[[ LISTED ENTRIES, beginning ]]

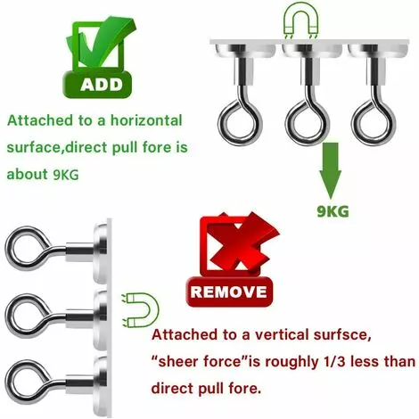 Pour atteindre une résistance à la traction jusqu’à 19,8 livres, l’aimant doit être fixé à une surface horizontale.
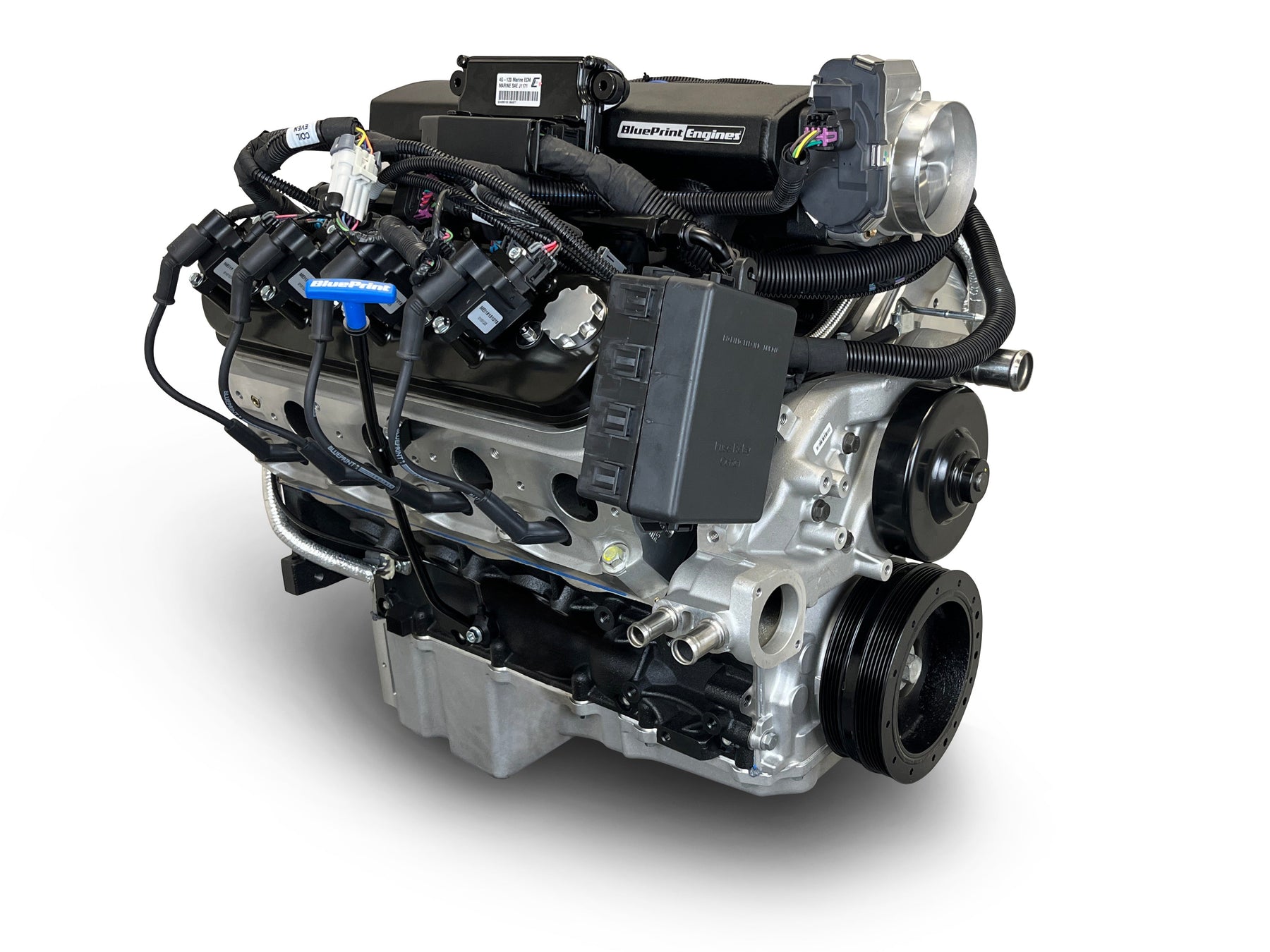 This LS3 compatible engine build is a formidable fusion of strength, precision, and performance, anchored by BluePrint Engines’ high-strength cast iron LSX-style block. It churns out a commanding 525 horsepower and 460 ft. lbs. of torque, with a 10.7:1 compression ratio that ensures both power and efficiency. The setup features BluePrint’s aluminum heads, hydraulic roller cam, and hypereutectic pistons, all working in concert with a nodular iron crankshaft for durability under high-stress conditions. Air and fuel delivery are optimized through a Holley Terminator X Max system, LS3 fabricated aluminum intake manifold, and a matched injector and fuel rail kit. The LS Swap oil pan ensures seamless integration, while the drive-by-wire throttle body adds modern responsiveness. Altogether, this engine is engineered to deliver relentless performance with rock-solid reliability—perfect for enthusiasts who demand power without compromise.
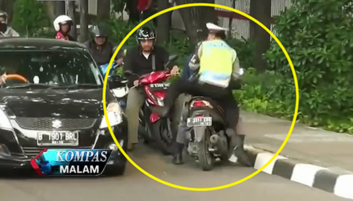 Polisi pun menggelandang dua pengendara yang berboncengan itu ke pinggir jalan.
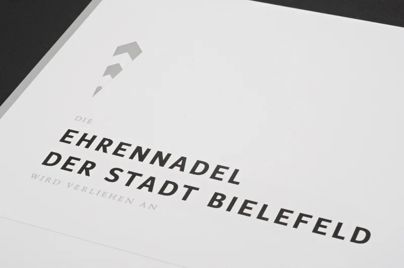 Für die neu konzipierte Auszeichnung der Stadt Bielefeld — für Bürger, die ehrenamtlich besonderes Engagement gezeigt haben — wurde die ›Ehrennadel‹ und die Urkunde samt Schutzmappe gestaltet.
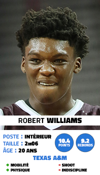 Même s’il n’est pas très grand, la mobilité et les qualités athlétiques de Robert Williams font de lui un prospect très apprécié. Ils sont ainsi nombreux à le voir dans un rôle à la Clint Capela, celle d’un pivot capable de protéger le cercle et de prendre le rebond, même face à des équipes jouant petit.
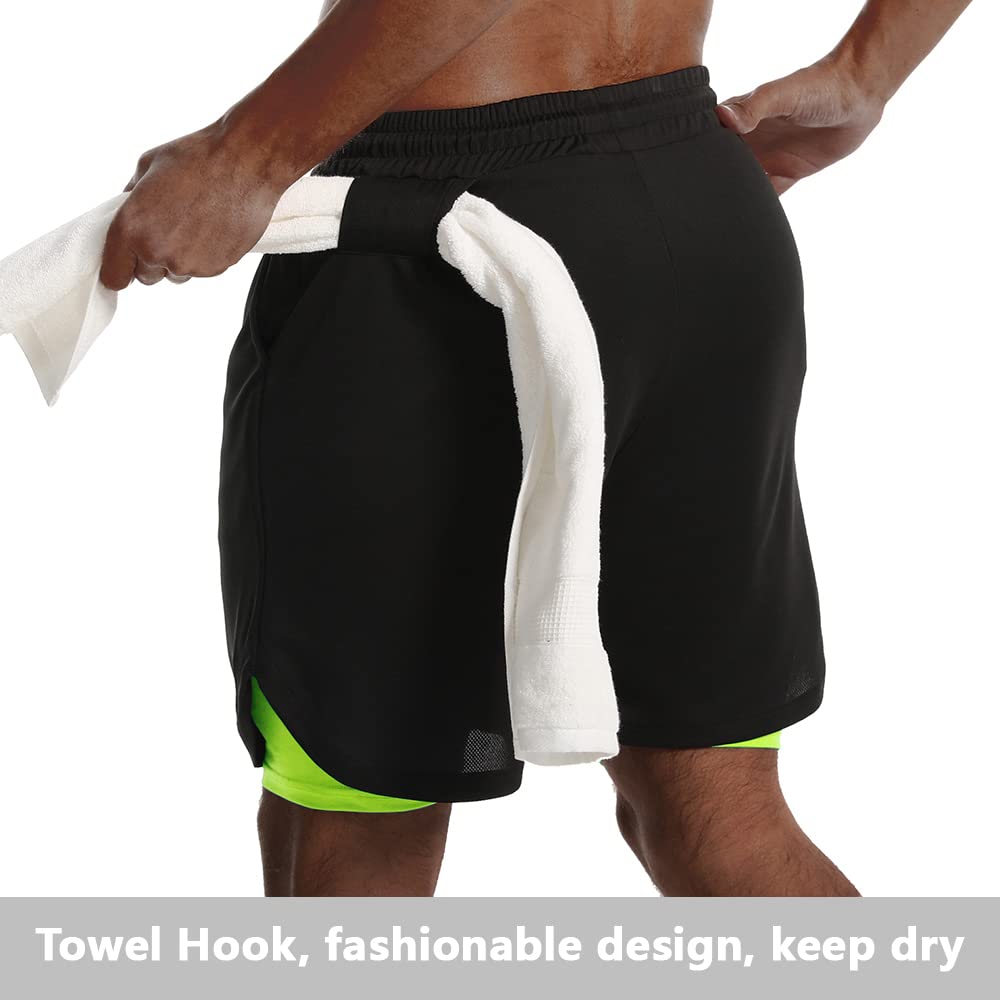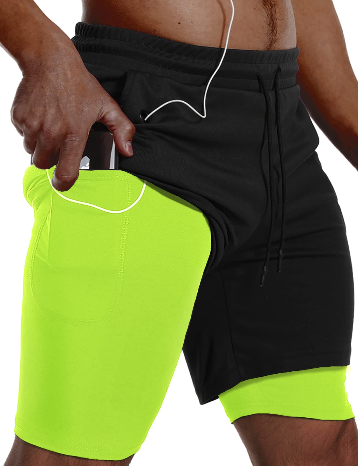MATERIAL:Our 2 in 1 gym shorts for men are made of high quality elastic high grade fabrics,comfortable and soft,perfect fit,and have excellent anti pilling ability,quick drying,breathable,high moisture absorption,and bring you a light and comfortable feeling during fitness.
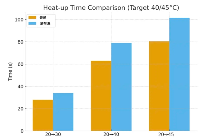 熱水器的第一項關鍵測試,是升溫速率。它決定了從擰開水龍頭到熱水真正流出,要等多久。這個時間看似只是幾秒鐘,卻直接影響使用體驗:時間越長,就要浪費更多冷水,也意味著我們得多「罰站」幾秒。實測發現,萬和安睡洗 V9S TURBO 的升溫速度普遍較快,基本能在半分鐘左右達到設定溫度。答主 @Cecilia 在室溫 20~24℃、自來水常溫約 20℃ 的環境下,用直插式電子溫度計和秒表進行記錄。她設定了 20→30℃、30→40℃ 兩個區間,結果顯示普通模式下前者約需 28 秒、后者約 35 秒;瀑布洗模式下前者約 34 秒、后者約 45 秒。
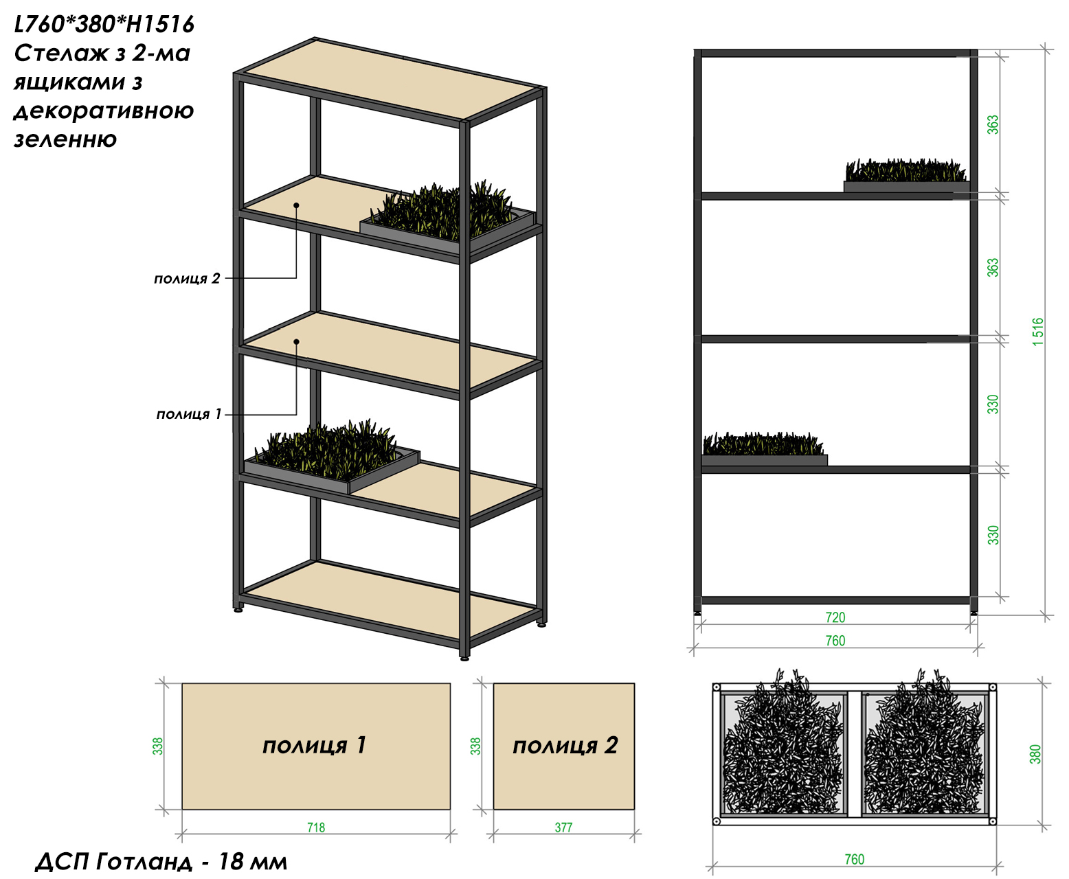 - Короб з декоративною травою — 2 шт (338*338*50h), розміщений як продовження полички.

[[ LISTED ENTRIES, end ]]

WORK ORDER |
Copy out all of the material exactly as written, without its pictures.

PROBLEM SOLUTION |
 Pour atteindre une résistance à la traction jusqu’à 19,8 livres, l’aimant doit être fixé à une surface horizontale.
 This LS3 compatible engine build is a formidable fusion of strength, precision, and performance, anchored by BluePrint Engines’ high-strength cast iron LSX-style block. It churns out a commanding 525 horsepower and 460 ft. lbs. of torque, with a 10.7:1 compression ratio that ensures both power and efficiency. The setup features BluePrint’s aluminum heads, hydraulic roller cam, and hypereutectic pistons, all working in concert with a nodular iron crankshaft for durability under high-stress conditions. Air and fuel delivery are optimized through a Holley Terminator X Max system, LS3 fabricated aluminum intake manifold, and a matched injector and fuel rail kit. The LS Swap oil pan ensures seamless integration, while the drive-by-wire throttle body adds modern responsiveness. Altogether, this engine is engineered to deliver relentless performance with rock-solid reliability—perfect for enthusiasts who demand power without compromise.
 Polisi pun menggelandang dua pengendara yang berboncengan itu ke pinggir jalan.
 Für die neu konzipierte Auszeichnung der Stadt Bielefeld — für Bürger, die ehrenamtlich besonderes Engagement gezeigt haben — wurde die ›Ehrennadel‹ und die Urkunde samt Schutzmappe gestaltet.
 Même s’il n’est pas très grand, la mobilité et les qualités athlétiques de Robert Williams font de lui un prospect très apprécié. Ils sont ainsi nombreux à le voir dans un rôle à la Clint Capela, celle d’un pivot capable de protéger le cercle et de prendre le rebond, même face à des équipes jouant petit.
MATERIAL:Our 2 in 1 gym shorts for men are made of high quality elastic high grade fabrics,comfortable and soft,perfect fit,and have excellent anti pilling ability,quick drying,breathable,high moisture absorption,and bring you a light and comfortable feeling during fitness.
 熱水器的第一項關鍵測試,是升溫速率。它決定了從擰開水龍頭到熱水真正流出,要等多久。這個時間看似只是幾秒鐘,卻直接影響使用體驗:時間越長,就要浪費更多冷水,也意味著我們得多「罰站」幾秒。實測發現,萬和安睡洗 V9S TURBO 的升溫速度普遍較快,基本能在半分鐘左右達到設定溫度。答主 @Cecilia 在室溫 20~24℃、自來水常溫約 20℃ 的環境下,用直插式電子溫度計和秒表進行記錄。她設定了 20→30℃、30→40℃ 兩個區間,結果顯示普通模式下前者約需 28 秒、后者約 35 秒;瀑布洗模式下前者約 34 秒、后者約 45 秒。
 - Короб з декоративною травою — 2 шт (338*338*50h), розміщений як продовження полички.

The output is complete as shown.